PROBLEM REQUIREMENTS: Could you copy word for word only the lines between the one containing "Cosa offre la" and the end of the listing below, both included, and leave out the pictures?

EXERCISE DATA:
++++++

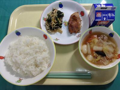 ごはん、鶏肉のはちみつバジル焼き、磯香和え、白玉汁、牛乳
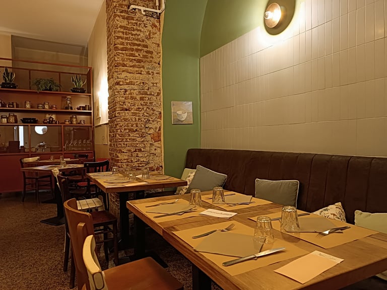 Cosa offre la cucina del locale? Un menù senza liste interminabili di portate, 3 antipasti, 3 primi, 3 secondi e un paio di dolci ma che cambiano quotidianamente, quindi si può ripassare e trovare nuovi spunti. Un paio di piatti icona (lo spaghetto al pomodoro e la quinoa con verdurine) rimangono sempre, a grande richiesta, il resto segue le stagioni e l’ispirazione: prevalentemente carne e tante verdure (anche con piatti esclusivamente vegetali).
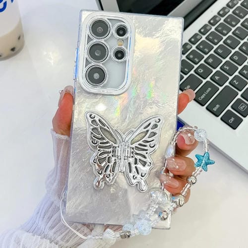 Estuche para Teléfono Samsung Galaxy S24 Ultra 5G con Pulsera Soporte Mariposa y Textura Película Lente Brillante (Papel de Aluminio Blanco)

++++++

RESPONSE AREA:
 Cosa offre la cucina del locale? Un menù senza liste interminabili di portate, 3 antipasti, 3 primi, 3 secondi e un paio di dolci ma che cambiano quotidianamente, quindi si può ripassare e trovare nuovi spunti. Un paio di piatti icona (lo spaghetto al pomodoro e la quinoa con verdurine) rimangono sempre, a grande richiesta, il resto segue le stagioni e l’ispirazione: prevalentemente carne e tante verdure (anche con piatti esclusivamente vegetali).
 Estuche para Teléfono Samsung Galaxy S24 Ultra 5G con Pulsera Soporte Mariposa y Textura Película Lente Brillante (Papel de Aluminio Blanco)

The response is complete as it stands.